Long-lived Credentials Belong in Akeyless

A consequence of the architecture rather than a separate feature: every long-lived service credential (API tokens, dockerconfigjson, TSIG keys, database passwords) lives in Akeyless and is fetched via ESO at runtime or via Windmill g/all/* variables at job time. Tokens in .git/config, secrets in environment files, kubeconfigs in working directories — all of those are anti-patterns the Supply Chain Security page is built to catch.

The pattern is most visible on the GitLab side. Personal Access Tokens generated through the GitLab UI inherit a maximum lifetime, which means a long-running consumer (a Windmill schedule, an external-dns reconcile loop) silently breaks the day the token expires.
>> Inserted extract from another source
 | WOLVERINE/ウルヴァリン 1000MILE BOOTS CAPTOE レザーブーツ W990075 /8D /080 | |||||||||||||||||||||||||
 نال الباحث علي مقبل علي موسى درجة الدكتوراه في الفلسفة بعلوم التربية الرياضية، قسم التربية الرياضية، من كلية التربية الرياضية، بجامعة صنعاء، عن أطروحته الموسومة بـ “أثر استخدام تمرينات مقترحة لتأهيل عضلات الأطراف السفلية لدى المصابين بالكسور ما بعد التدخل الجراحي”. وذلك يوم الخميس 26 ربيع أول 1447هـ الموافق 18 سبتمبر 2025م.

The replacement pattern is to mint a non-expiring token via the Rails console (Gitlab::AccessToken.create! with no expires_at), store it once at /mdapi/gitlab/api-token, and have every consumer fetch it from there. One rotation event, every consumer updates on the next ESO refresh, no UI-token sprawl.
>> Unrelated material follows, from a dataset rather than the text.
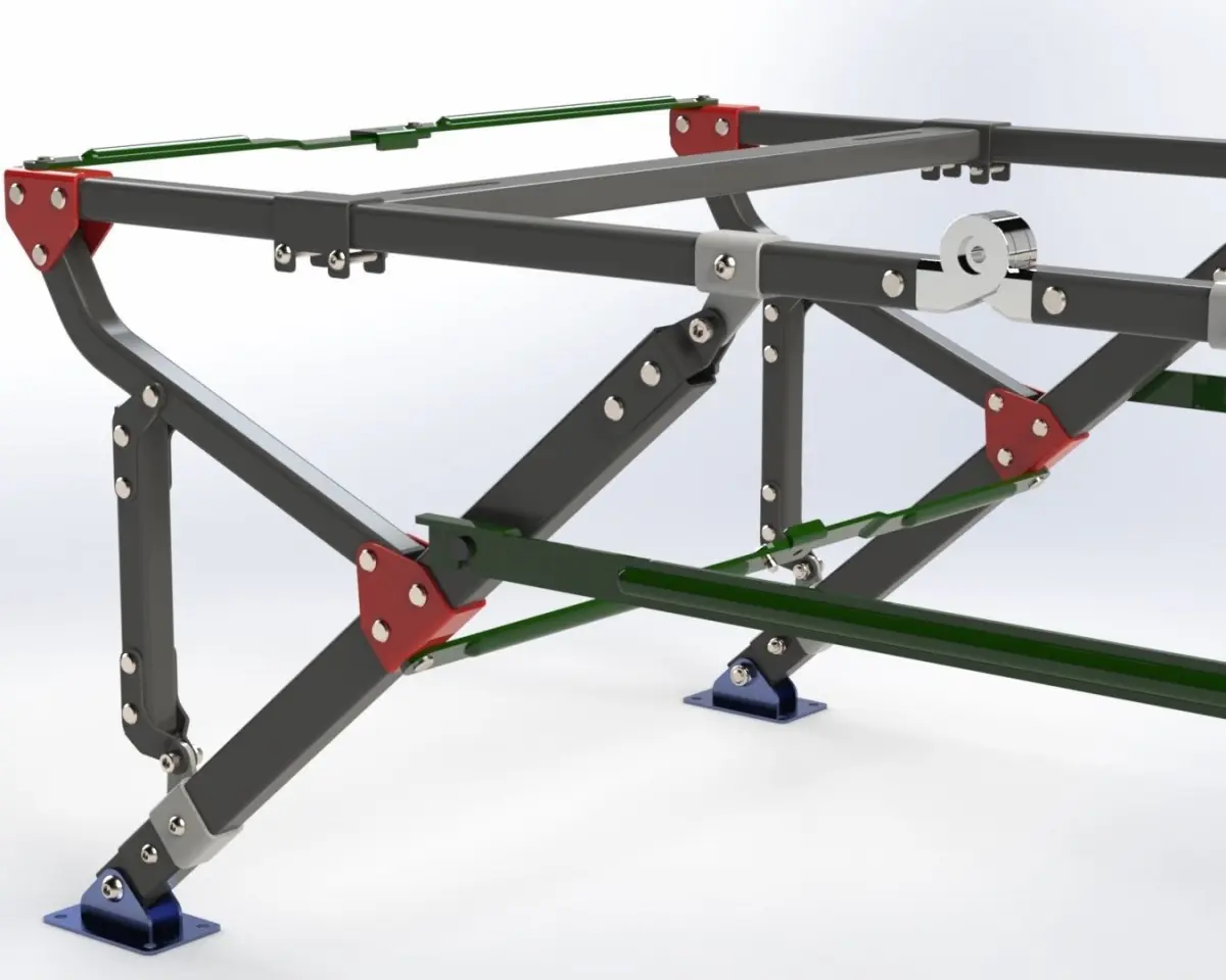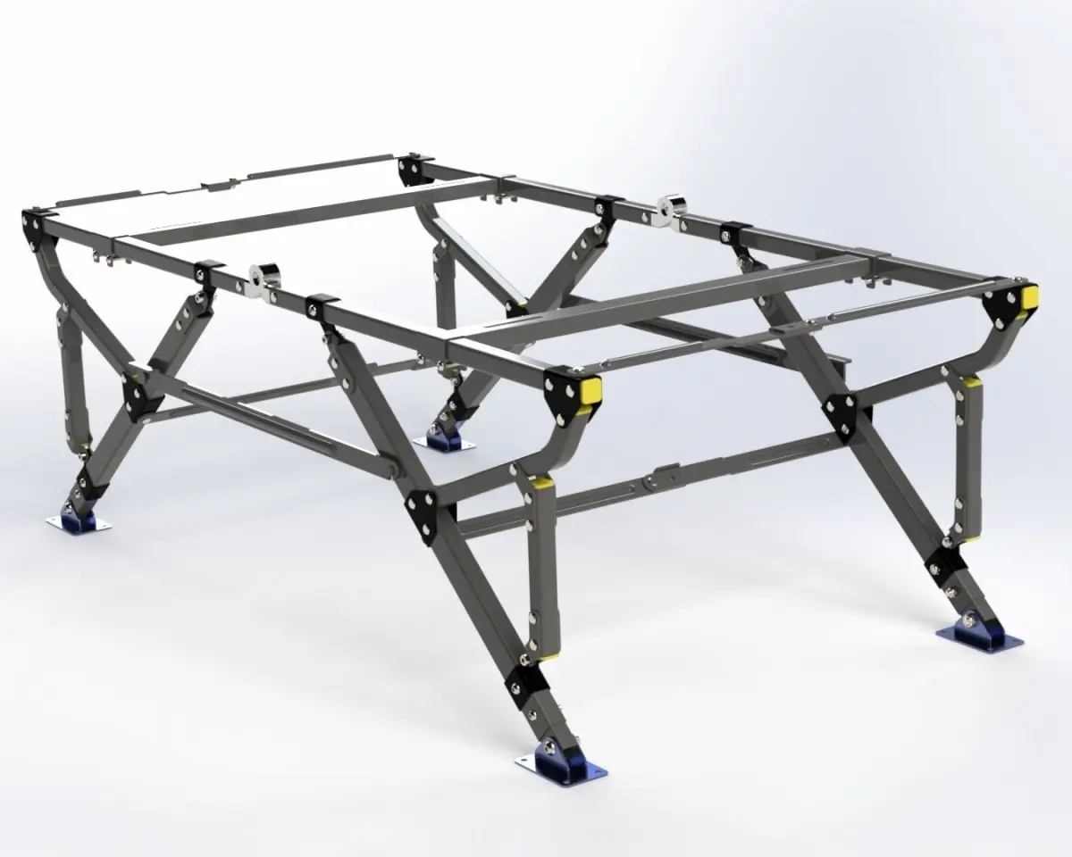 This is stand frame which you can used to hold any equipment outdoor such as air conditionner unit.Two type of profiles are used in this design 20 x 20 mm and 20 x 30 mm.The frame is foldable and adjustable in height.Other parts are sheet metal.In this design contain Joint connector with lock that help the mechanism to be folding easly.

The same logic applies to dockerconfigjson per namespace: a single bootstrap creates the secret in Akeyless and an ExternalSecret in each namespace pulls it. Image-pull failures across the cluster after a registry password rotation become a single Akeyless edit instead of a 40-namespace kubectl edit.

Failure Modes

Symptom Cause Resolution
ExternalSecrets stuck in SecretSyncedError CipherTrust Manager VM unreachable Check VM health; restore from Longhorn snapshot if needed
/api/derived-key 404 CM upgrade broke the fragment endpoint Restore CM VM from last known-good Longhorn backup
500 on derived-key Fragment service crashed Same as above

The CipherTrust Manager VM has a Longhorn-backed persistent disk and is snapshotted on the weekly schedule. Recovery typically takes under 5 minutes.